Evaluating Prompt Quality
The five dimensions of prompt quality
Not all prompts are equal — but 'this prompt is better' is too vague to be useful. Evaluate prompts on five specific dimensions:
1. Accuracy — Does the output contain correct information? Are factual claims verifiable?
2. Relevance — Does the output actually answer what was asked? Did the AI drift off-topic?
3. Format — Is the output structured as requested? Does the format match the intended use?
4. Completeness — Does the output cover everything needed, or are important elements missing?
5. Consistency — Run the same prompt 3 times. Does it produce reliably similar quality, or is the output unpredictable?
When a prompt underperforms, identify which dimension failed — that tells you exactly how to fix it.
The AI judge pattern
The fastest way to evaluate prompt output quality is to use AI as the judge:
```
You are a prompt output quality evaluator. I will give you a prompt and its output. Rate the output on:
- Accuracy (1-10): Is the information correct and verifiable?
- Relevance (1-10): Does it answer what was asked?
- Format (1-10): Is the structure appropriate for the use case?
- Completeness (1-10): Is anything important missing?
- Consistency: Based on the output, would you expect this prompt to produce similar quality if run 5 more times?
For any score below 8, explain specifically what's wrong and how to fix the prompt to address it.
Prompt: [paste your prompt]
Output: [paste the output to evaluate]
```
This creates a tight feedback loop: prompt → output → AI evaluation → improved prompt. You can iterate 5x faster than manual review.
A/B testing your prompts
For prompts you'll use repeatedly (in a product, automation, or daily workflow), A/B testing gives you data instead of opinions:
How to run a prompt A/B test:
1. Write two versions of the prompt (A: your current version, B: a variation)
2. Run both on the same 10 test inputs
3. Use the AI judge pattern to score each output independently
4. Compare average scores across all 5 dimensions
5. Choose the winner, but keep the loser — sometimes the 'worse' prompt works better for specific edge cases
What to vary in each test:
- The role definition (specific vs. general)
- The instruction phrasing (imperative vs. descriptive)
- The format specification (explicit schema vs. described format)
- The number of examples (0-shot vs. 1-shot vs. 3-shot)
- The output length constraint
Even a small improvement in a prompt used 1,000 times daily creates massive cumulative value.
Prompt quality red flags
Learn to recognize the signals that a prompt needs work:
Red flag 1: The AI apologizes or hedges excessively. 'I'm just an AI and cannot...' or 'As an AI language model...' — the role definition is too vague or conflicting with what you're asking.
Red flag 2: The output is longer than needed. The AI is padding because the format wasn't specified. Add explicit length constraints.
Red flag 3: The AI answers a different question than asked. The task instruction is ambiguous.

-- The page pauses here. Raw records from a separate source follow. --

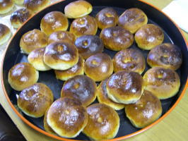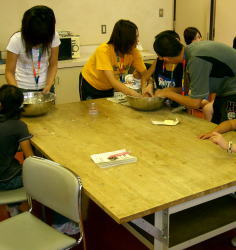 <<石焼き釜のパン生地づくり センター内の石焼き釜にてパンを焼くため、子ども達がパン生地づくりをおこないました。 |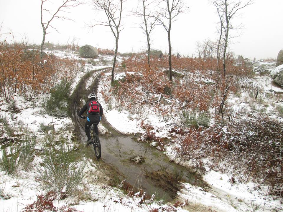 Resta assinalar a estreia absoluta da nova menina do Paulo Domingos, que a estreou logo com uma tareia jeitosa, a sua Corratec X-Force 03, mais os seus 140 mm de curso, e que fizeram com que os trilhos para ele fossem mais ou menos uma auto-estrada com subidas e descidas!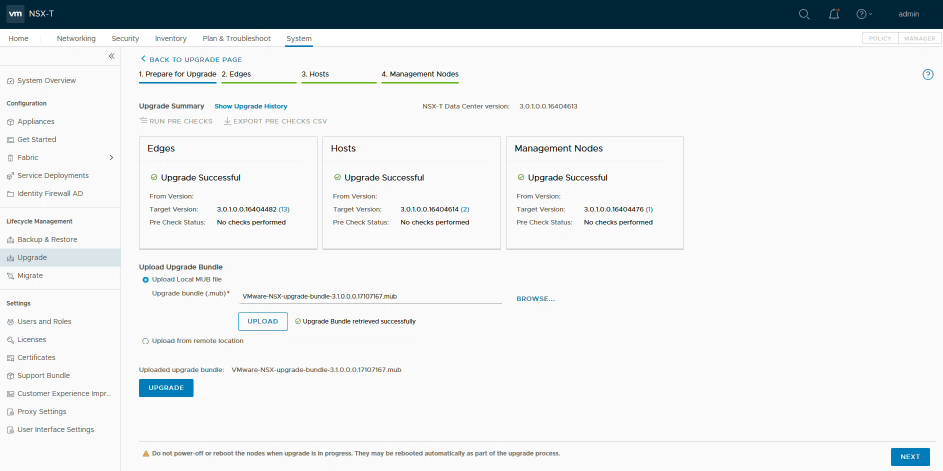 In case you are interested in upgrading to the latest version of VMware’s virtual networking and security platform, NSX-T Data Center 3.1, I have posted a video on my YouTube Channel (https://www.youtube.com/c/vgandalf) detailing the process of using the wizarding process called the Upgrade Coordinator. Check that out for more details.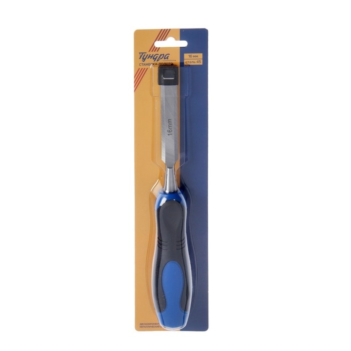 Стамеска-долото ТУНДРА, металлический затыльник, 2К рукоятка, 16 мм

Rewrite it as a single, unambiguous sentence.
Red flag 4: The output quality varies wildly between runs. The prompt is relying on the model's discretion too heavily. Add more constraints, a format spec, and examples.
Red flag 5: The AI says 'it depends' without helping you figure out on what. Add: 'If the answer depends on factors, list the top 3 factors and give a recommendation for each scenario.'
Red flag 6: First sentence is a restatement of your question. The AI is warming up. Fix: add 'Skip any introduction. Start directly with [the first element].'
Key Takeaways
- Evaluate prompts on five dimensions: Accuracy, Relevance, Format, Completeness, and Consistency.
- The AI judge pattern uses AI to score its own outputs — creating a fast, scalable quality feedback loop.
- A/B test prompts you use repeatedly; even small improvements compound to massive value at scale.
- Six red flags signal a prompt needs work: excessive hedging, padded output, wrong question answered, high variance, 'it depends' without help, and intro restatement.
Run your first AI judge evaluation
Take any prompt from your library (or from a previous lesson). Run it to get an output. Then run the AI judge pattern on that output. Get scores on all 5 dimensions. Use the feedback to rewrite the prompt and test if the scores improve.